Records from a collection

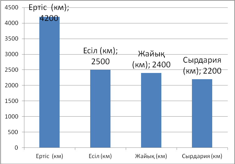 Ертіс – 4200 км, Есіл – 2500 км, Жайық – 2400 км, Сырдария – 2200 км.
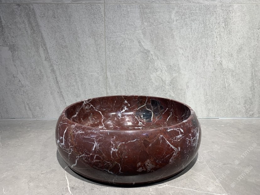 紫羅紅洗手盆 石材擺件托盤(pán)花瓶工藝品
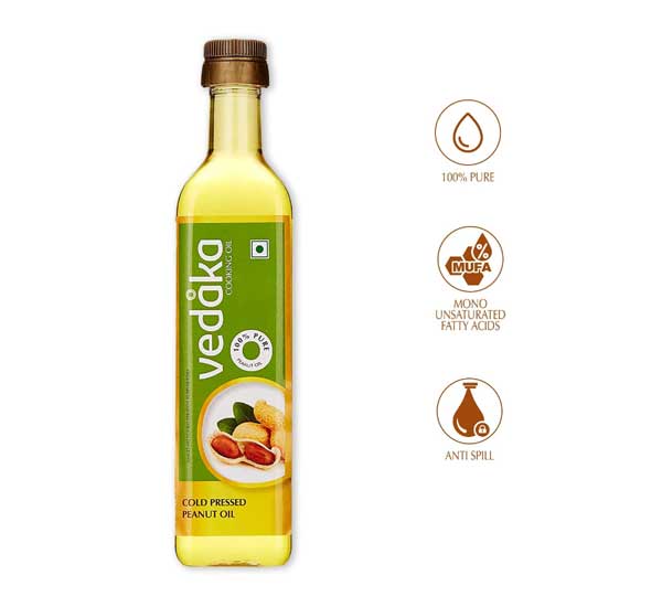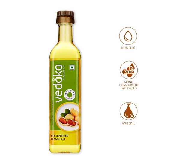 Amazon Brand – Vedaka Cold Pressed Peanut (Groundnut) Oil Bottle, 500ML | 100% Pure & Unrefined | Rich in MUFA & Omega-6 PUFA | Multipurpose Edible Oil | Contains Natural Anti-Oxidants
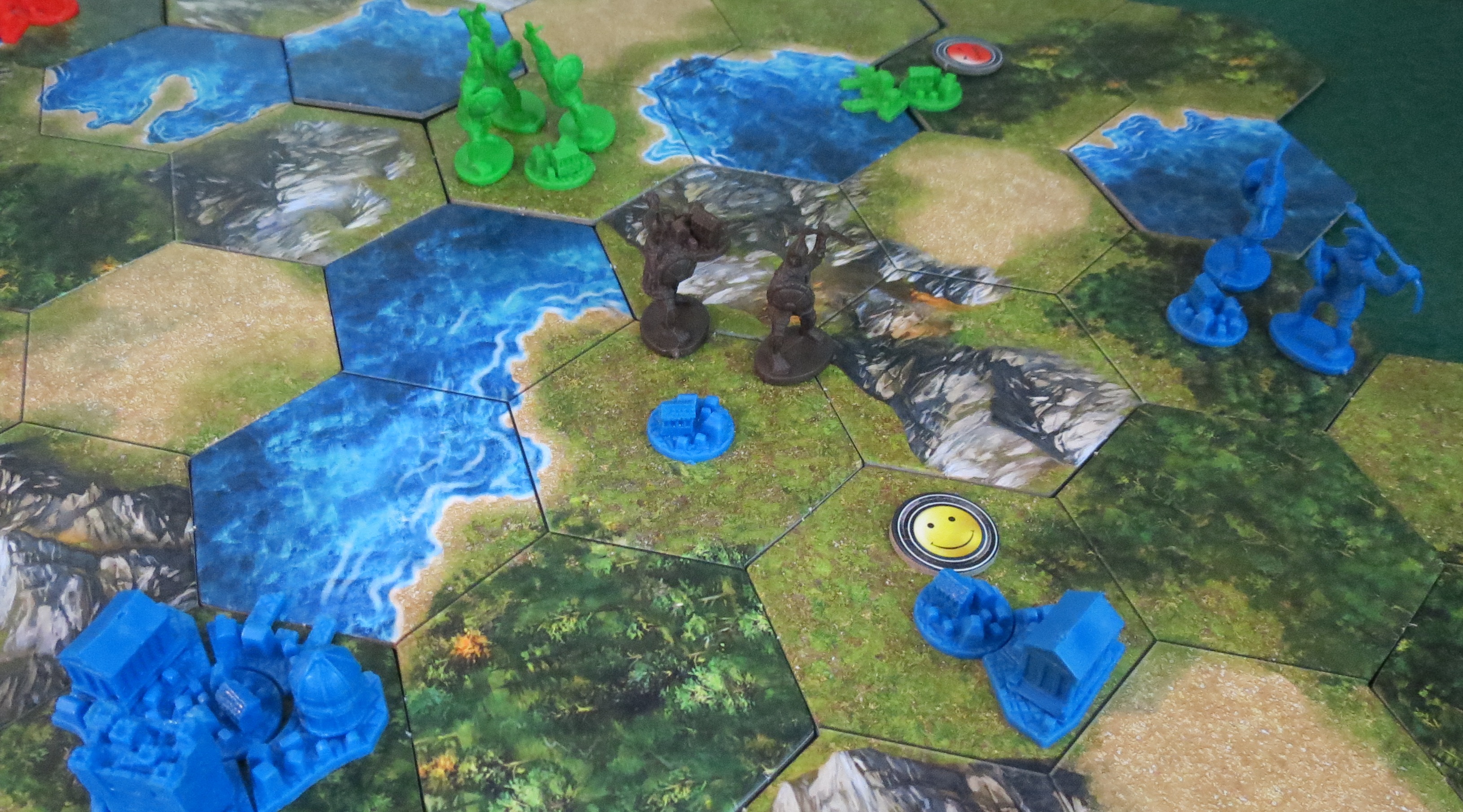 That little smiley face token up there isn’t just a subtle Watchmen reference, it’s an actual (awesome) mechanic. Cities have three mood states: angry, neutral, and happy. When a city is happy, it counts as +1 size when you activate it and collect resources or build units; when it’s angry, it always counts as size 1 for those same actions, no matter how big it is. If you activate a city more than once per turn, your city will decrease in mood to reflect the attitude of the citizens to being taxed or drafted too harshly. Fortunately, you can undertake Civic Improvement, in which you spend mood tokens equal to a city’s size to move its mood up a level. This means, of course, that it can be incredibly costly to make a huge city happy.
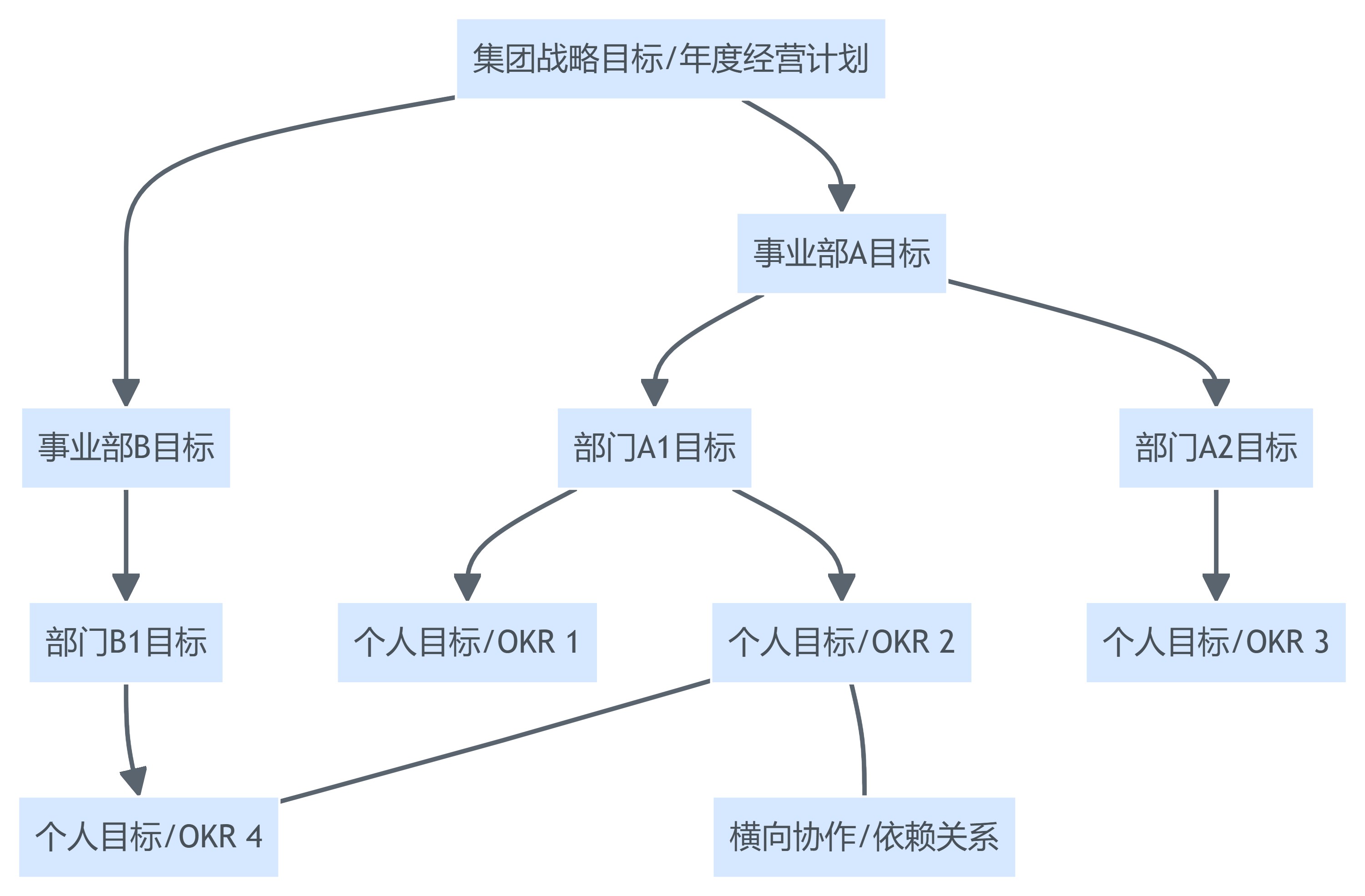- 纵向分解:集团战略目标—事业部目标—部门目标—个人目标,目标之间有父子关系与权重关系。

- WHAT THE TASK REQUIRES
Set down the data above exactly as written. Omit the pictures.

- ANSWER SECTION
 Ертіс – 4200 км, Есіл – 2500 км, Жайық – 2400 км, Сырдария – 2200 км.
 紫羅紅洗手盆 石材擺件托盤(pán)花瓶工藝品
 Amazon Brand – Vedaka Cold Pressed Peanut (Groundnut) Oil Bottle, 500ML | 100% Pure & Unrefined | Rich in MUFA & Omega-6 PUFA | Multipurpose Edible Oil | Contains Natural Anti-Oxidants
 That little smiley face token up there isn’t just a subtle Watchmen reference, it’s an actual (awesome) mechanic. Cities have three mood states: angry, neutral, and happy. When a city is happy, it counts as +1 size when you activate it and collect resources or build units; when it’s angry, it always counts as size 1 for those same actions, no matter how big it is. If you activate a city more than once per turn, your city will decrease in mood to reflect the attitude of the citizens to being taxed or drafted too harshly. Fortunately, you can undertake Civic Improvement, in which you spend mood tokens equal to a city’s size to move its mood up a level. This means, of course, that it can be incredibly costly to make a huge city happy.
- 纵向分解:集团战略目标—事业部目标—部门目标—个人目标,目标之间有父子关系与权重关系。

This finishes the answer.